What the task asks: I would like the records restated word for word, without the pictures.

Provided information:
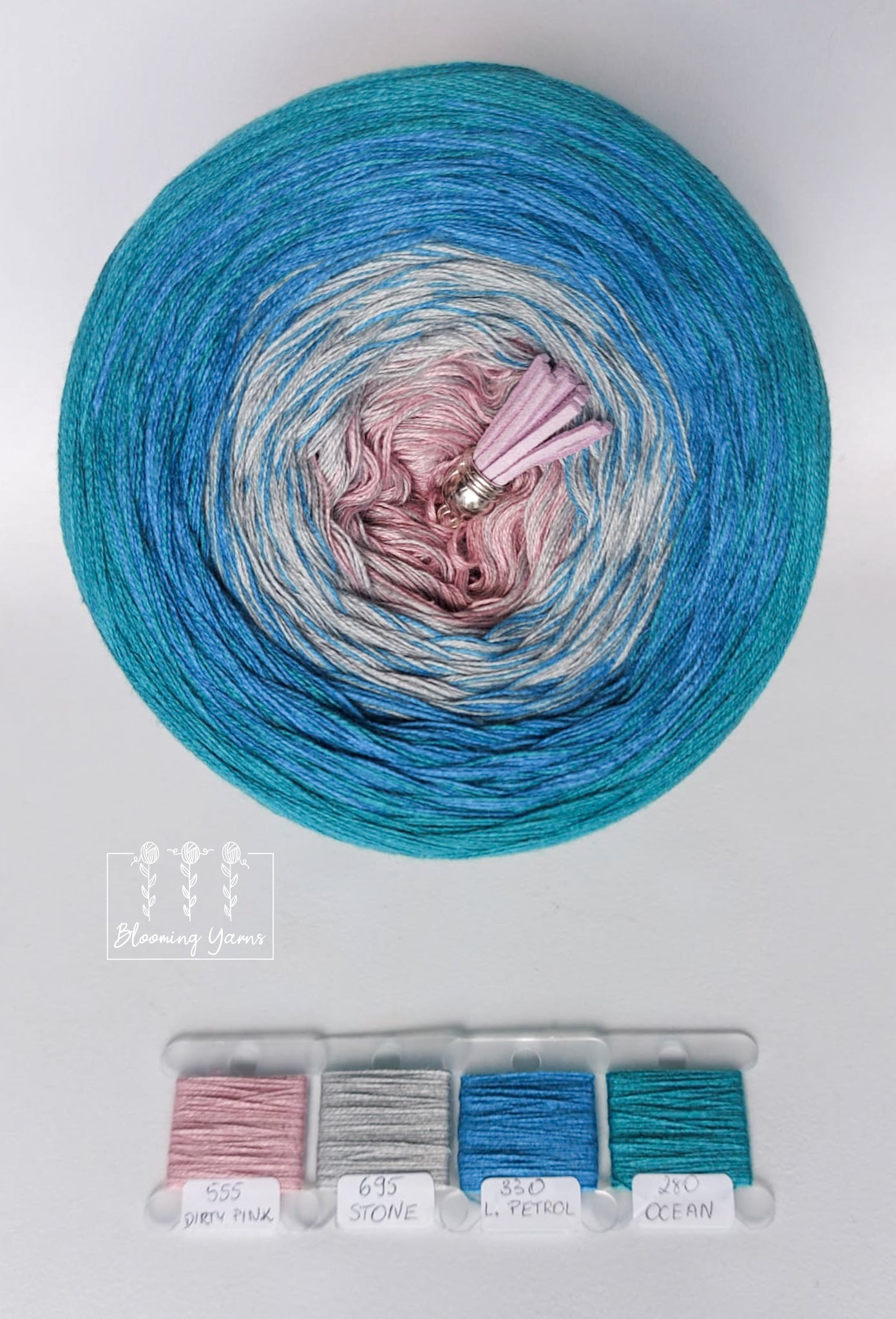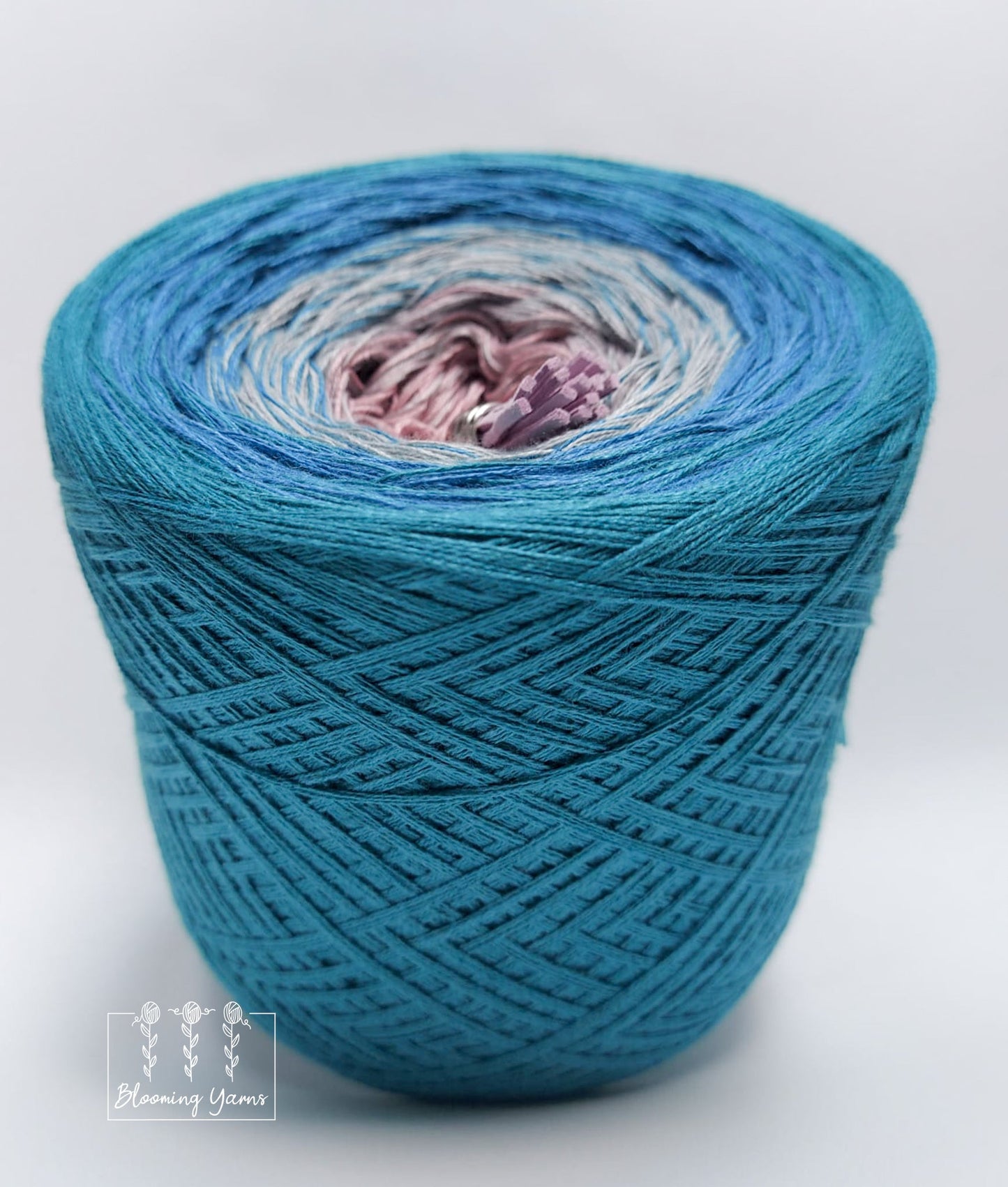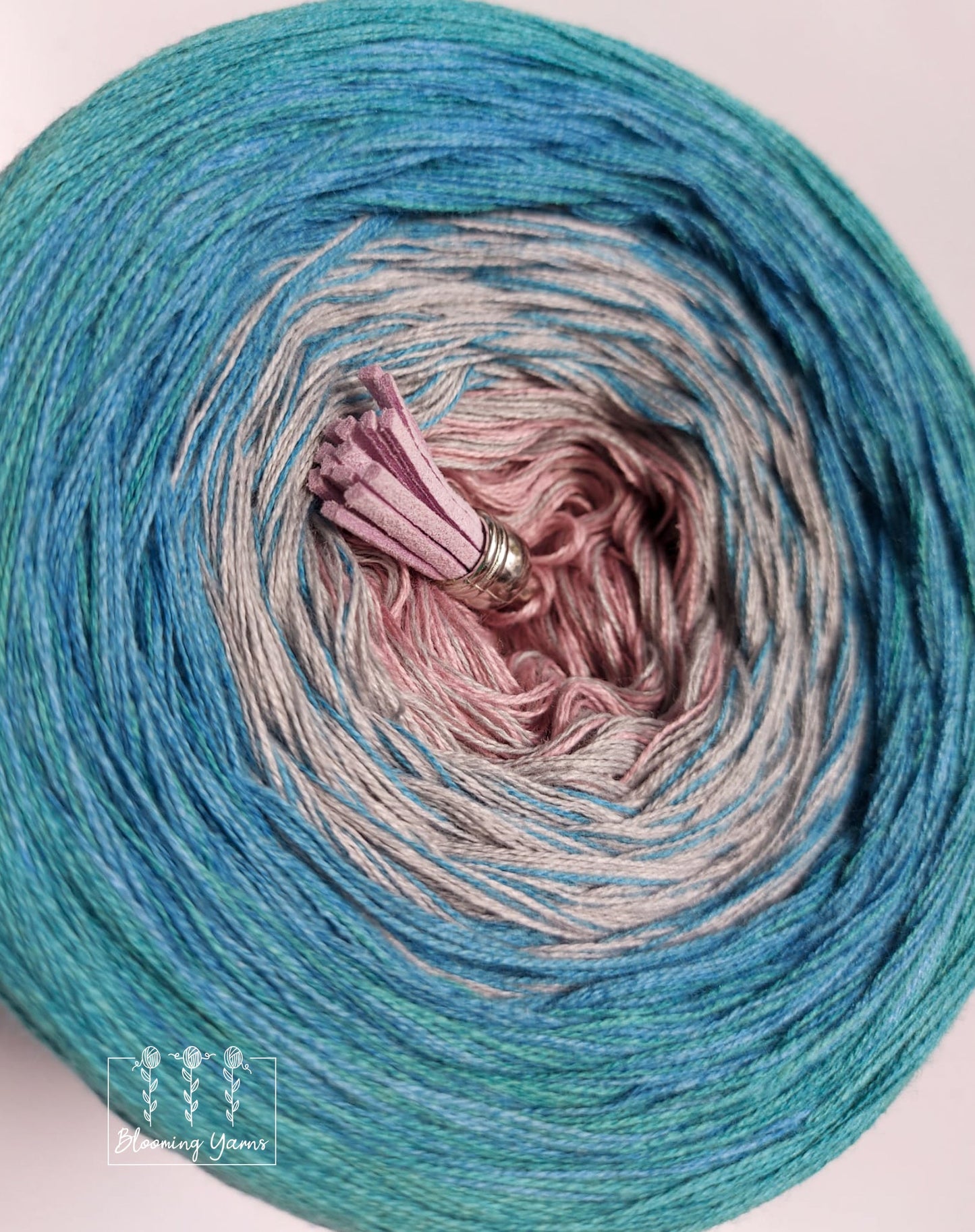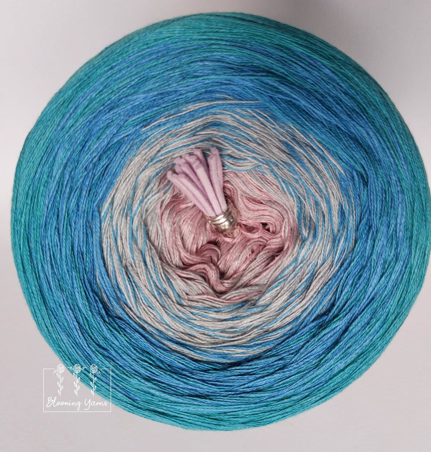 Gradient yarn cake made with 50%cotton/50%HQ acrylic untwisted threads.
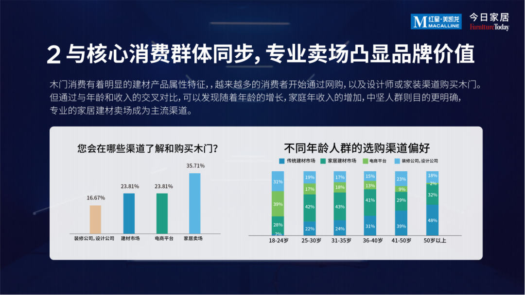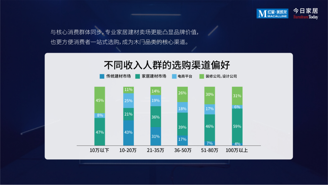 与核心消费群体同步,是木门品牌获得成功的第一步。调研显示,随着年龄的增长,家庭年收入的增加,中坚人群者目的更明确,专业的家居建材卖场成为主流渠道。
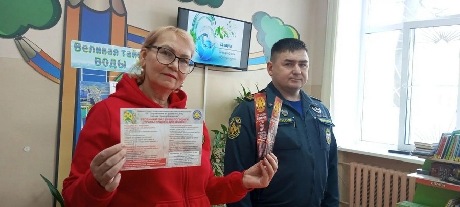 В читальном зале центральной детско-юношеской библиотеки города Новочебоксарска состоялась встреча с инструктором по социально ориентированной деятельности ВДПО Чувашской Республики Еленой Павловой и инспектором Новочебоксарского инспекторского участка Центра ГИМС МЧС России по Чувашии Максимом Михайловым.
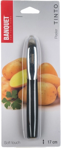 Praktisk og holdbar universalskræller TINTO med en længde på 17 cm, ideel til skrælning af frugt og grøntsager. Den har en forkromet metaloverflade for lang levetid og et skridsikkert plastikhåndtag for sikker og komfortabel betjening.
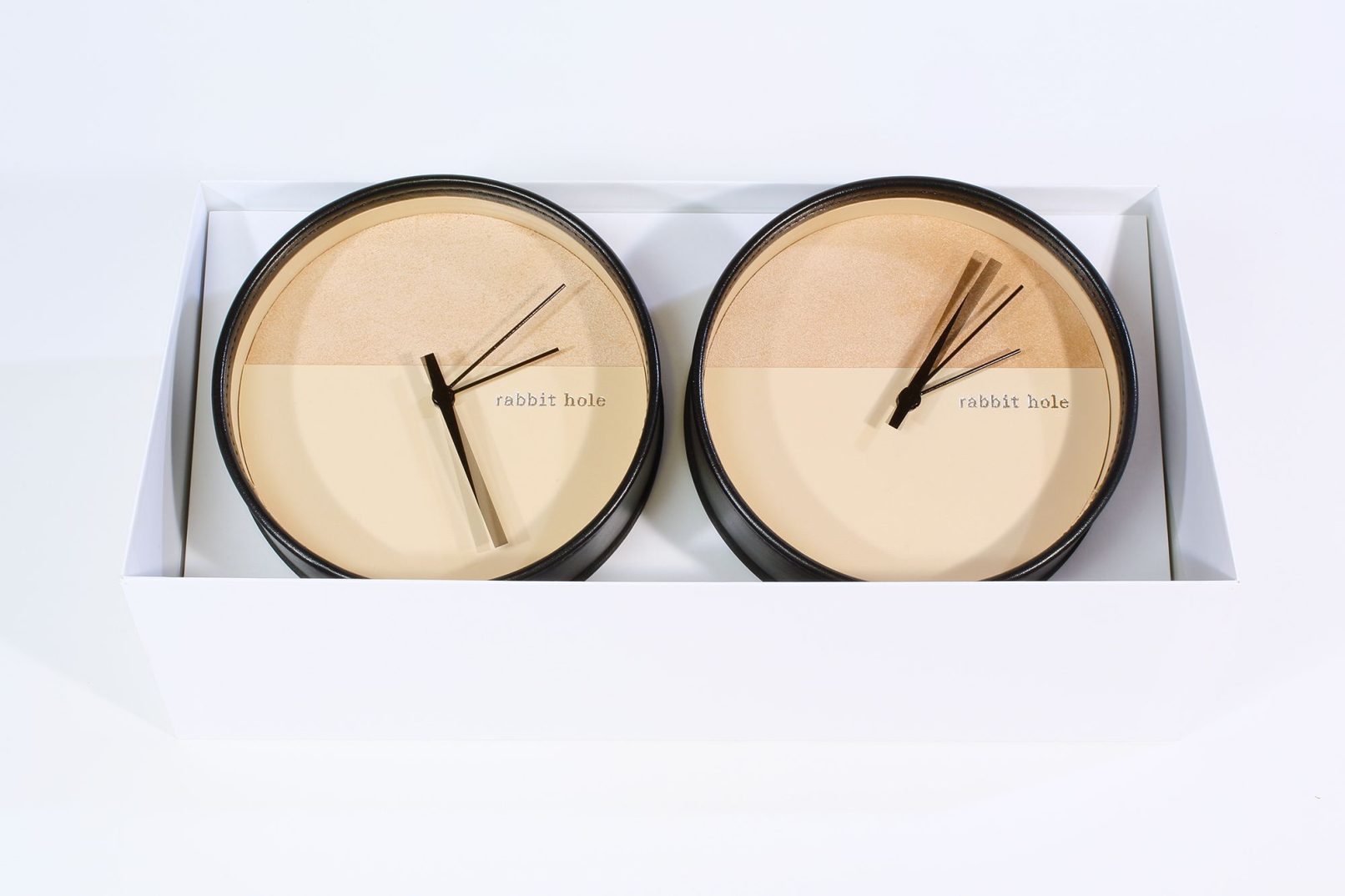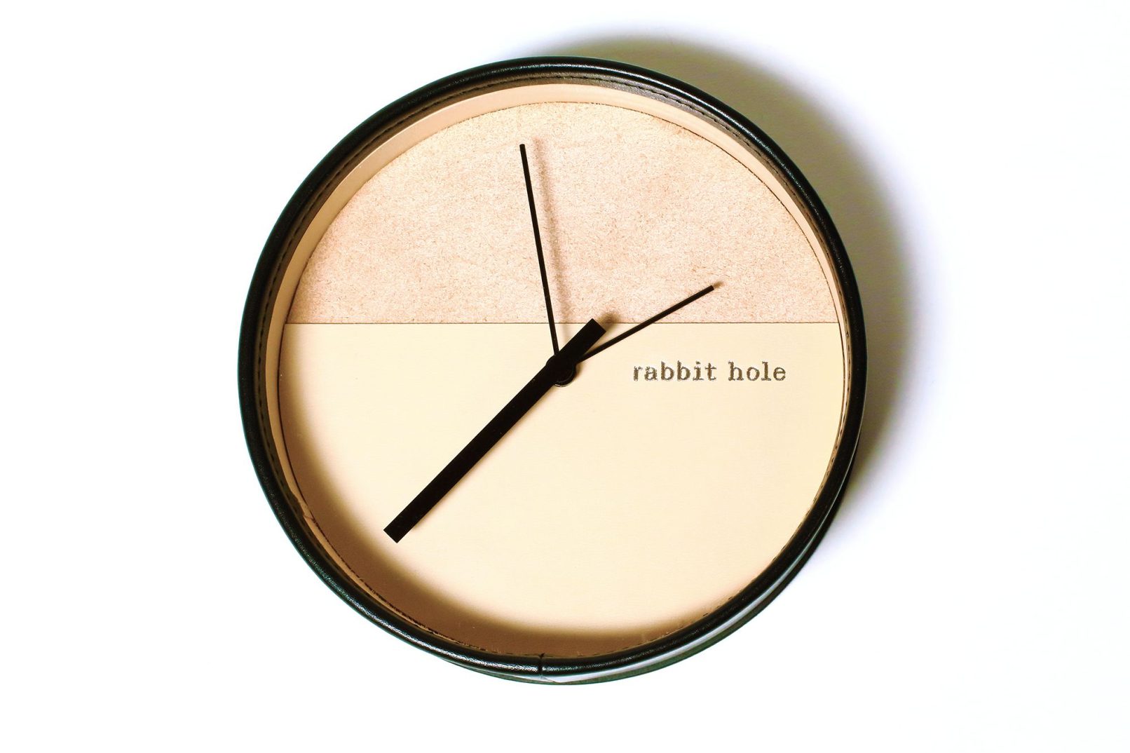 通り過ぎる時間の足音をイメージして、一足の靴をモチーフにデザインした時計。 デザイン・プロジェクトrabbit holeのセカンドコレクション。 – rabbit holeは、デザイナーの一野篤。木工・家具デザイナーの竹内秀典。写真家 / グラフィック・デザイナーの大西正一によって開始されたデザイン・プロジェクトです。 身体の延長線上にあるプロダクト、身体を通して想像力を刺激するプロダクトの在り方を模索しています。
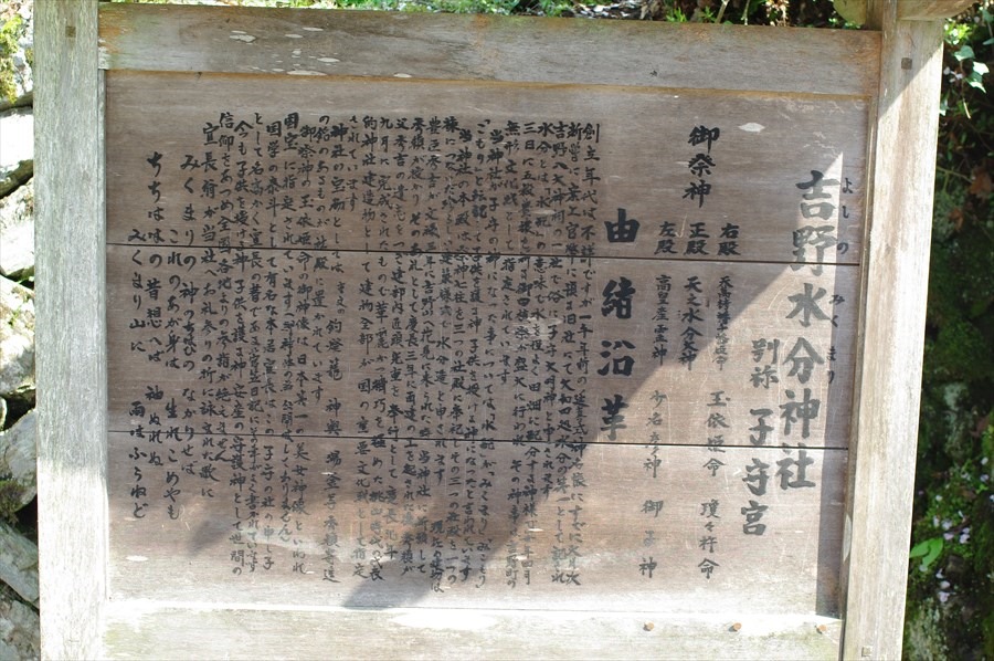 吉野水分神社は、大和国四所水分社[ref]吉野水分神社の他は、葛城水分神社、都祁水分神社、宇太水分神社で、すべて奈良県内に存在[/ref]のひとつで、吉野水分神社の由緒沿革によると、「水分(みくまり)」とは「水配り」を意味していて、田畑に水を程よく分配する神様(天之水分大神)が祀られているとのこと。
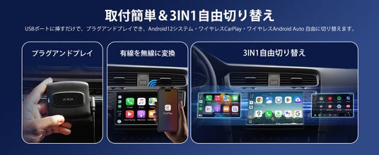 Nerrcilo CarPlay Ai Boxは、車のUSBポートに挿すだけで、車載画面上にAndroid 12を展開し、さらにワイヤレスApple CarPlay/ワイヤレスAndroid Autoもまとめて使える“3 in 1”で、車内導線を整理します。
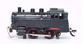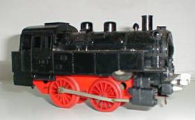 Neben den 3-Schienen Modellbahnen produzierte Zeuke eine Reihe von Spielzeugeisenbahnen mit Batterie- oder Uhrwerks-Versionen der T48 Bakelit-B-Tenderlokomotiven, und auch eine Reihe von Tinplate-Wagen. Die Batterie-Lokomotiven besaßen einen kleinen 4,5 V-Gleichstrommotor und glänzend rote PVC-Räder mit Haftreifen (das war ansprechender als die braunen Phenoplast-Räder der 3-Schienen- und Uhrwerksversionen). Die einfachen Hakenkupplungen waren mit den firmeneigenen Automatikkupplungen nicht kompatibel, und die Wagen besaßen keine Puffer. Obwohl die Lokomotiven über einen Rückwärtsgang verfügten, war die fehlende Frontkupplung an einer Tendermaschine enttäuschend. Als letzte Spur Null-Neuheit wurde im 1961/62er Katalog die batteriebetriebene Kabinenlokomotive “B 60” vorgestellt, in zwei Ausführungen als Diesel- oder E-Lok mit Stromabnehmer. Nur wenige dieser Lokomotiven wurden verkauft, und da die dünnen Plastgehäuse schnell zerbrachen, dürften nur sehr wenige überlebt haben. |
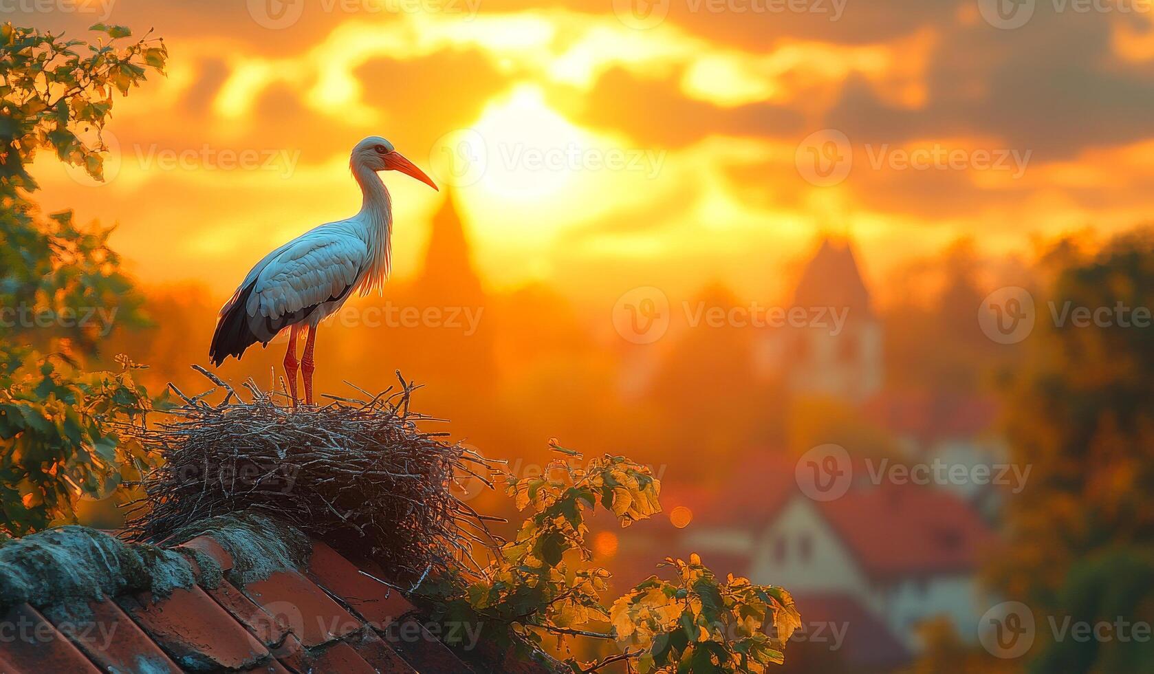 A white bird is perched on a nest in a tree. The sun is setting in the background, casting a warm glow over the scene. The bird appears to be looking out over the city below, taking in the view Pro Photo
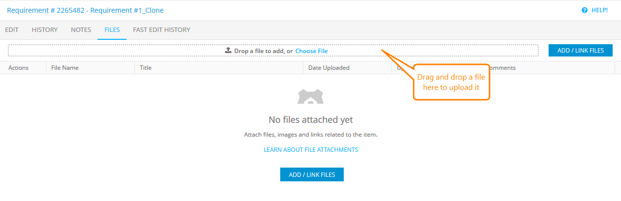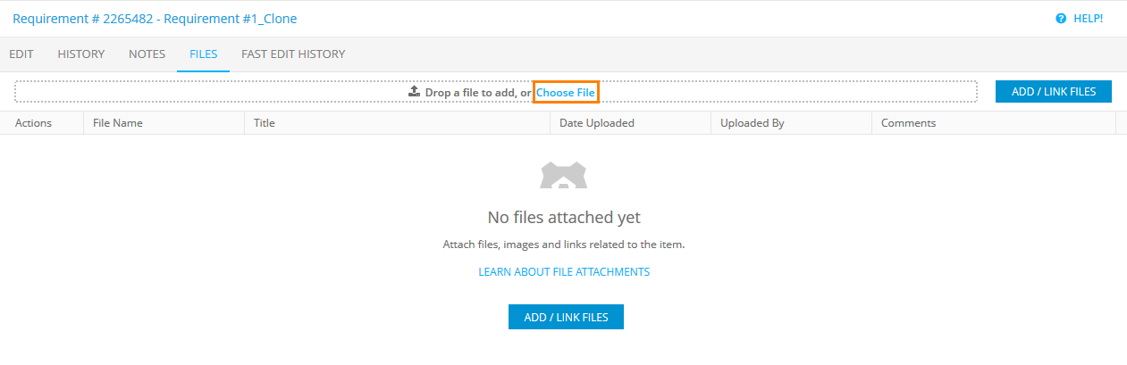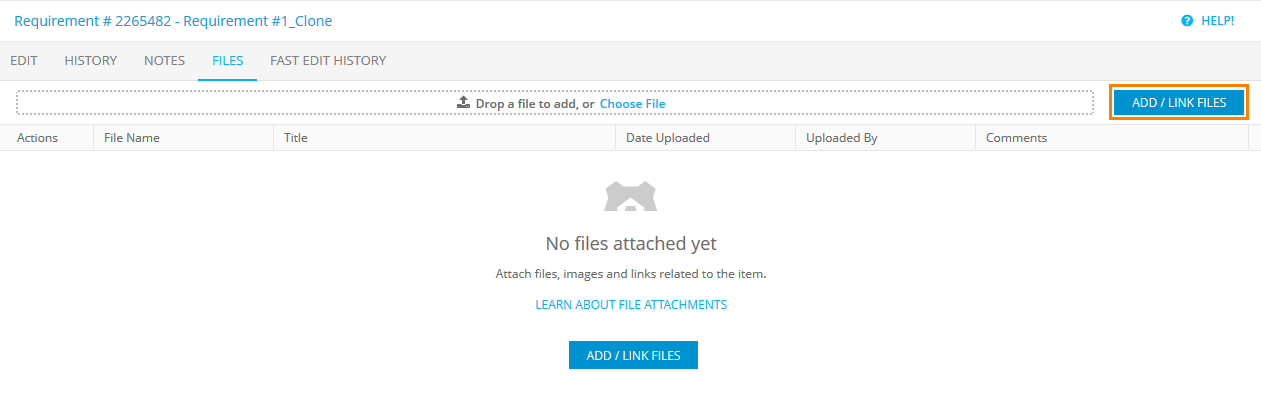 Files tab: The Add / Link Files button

Result of this exercise:
 Gradient yarn cake made with 50%cotton/50%HQ acrylic untwisted threads.
 与核心消费群体同步,是木门品牌获得成功的第一步。调研显示,随着年龄的增长,家庭年收入的增加,中坚人群者目的更明确,专业的家居建材卖场成为主流渠道。
 В читальном зале центральной детско-юношеской библиотеки города Новочебоксарска состоялась встреча с инструктором по социально ориентированной деятельности ВДПО Чувашской Республики Еленой Павловой и инспектором Новочебоксарского инспекторского участка Центра ГИМС МЧС России по Чувашии Максимом Михайловым.
 Praktisk og holdbar universalskræller TINTO med en længde på 17 cm, ideel til skrælning af frugt og grøntsager. Den har en forkromet metaloverflade for lang levetid og et skridsikkert plastikhåndtag for sikker og komfortabel betjening.
 通り過ぎる時間の足音をイメージして、一足の靴をモチーフにデザインした時計。 デザイン・プロジェクトrabbit holeのセカンドコレクション。 – rabbit holeは、デザイナーの一野篤。木工・家具デザイナーの竹内秀典。写真家 / グラフィック・デザイナーの大西正一によって開始されたデザイン・プロジェクトです。 身体の延長線上にあるプロダクト、身体を通して想像力を刺激するプロダクトの在り方を模索しています。
 吉野水分神社は、大和国四所水分社[ref]吉野水分神社の他は、葛城水分神社、都祁水分神社、宇太水分神社で、すべて奈良県内に存在[/ref]のひとつで、吉野水分神社の由緒沿革によると、「水分(みくまり)」とは「水配り」を意味していて、田畑に水を程よく分配する神様(天之水分大神)が祀られているとのこと。
 Nerrcilo CarPlay Ai Boxは、車のUSBポートに挿すだけで、車載画面上にAndroid 12を展開し、さらにワイヤレスApple CarPlay/ワイヤレスAndroid Autoもまとめて使える“3 in 1”で、車内導線を整理します。
 Neben den 3-Schienen Modellbahnen produzierte Zeuke eine Reihe von Spielzeugeisenbahnen mit Batterie- oder Uhrwerks-Versionen der T48 Bakelit-B-Tenderlokomotiven, und auch eine Reihe von Tinplate-Wagen. Die Batterie-Lokomotiven besaßen einen kleinen 4,5 V-Gleichstrommotor und glänzend rote PVC-Räder mit Haftreifen (das war ansprechender als die braunen Phenoplast-Räder der 3-Schienen- und Uhrwerksversionen). Die einfachen Hakenkupplungen waren mit den firmeneigenen Automatikkupplungen nicht kompatibel, und die Wagen besaßen keine Puffer. Obwohl die Lokomotiven über einen Rückwärtsgang verfügten, war die fehlende Frontkupplung an einer Tendermaschine enttäuschend. Als letzte Spur Null-Neuheit wurde im 1961/62er Katalog die batteriebetriebene Kabinenlokomotive “B 60” vorgestellt, in zwei Ausführungen als Diesel- oder E-Lok mit Stromabnehmer. Nur wenige dieser Lokomotiven wurden verkauft, und da die dünnen Plastgehäuse schnell zerbrachen, dürften nur sehr wenige überlebt haben. |
 A white bird is perched on a nest in a tree. The sun is setting in the background, casting a warm glow over the scene. The bird appears to be looking out over the city below, taking in the view Pro Photo
 Files tab: The Add / Link Files button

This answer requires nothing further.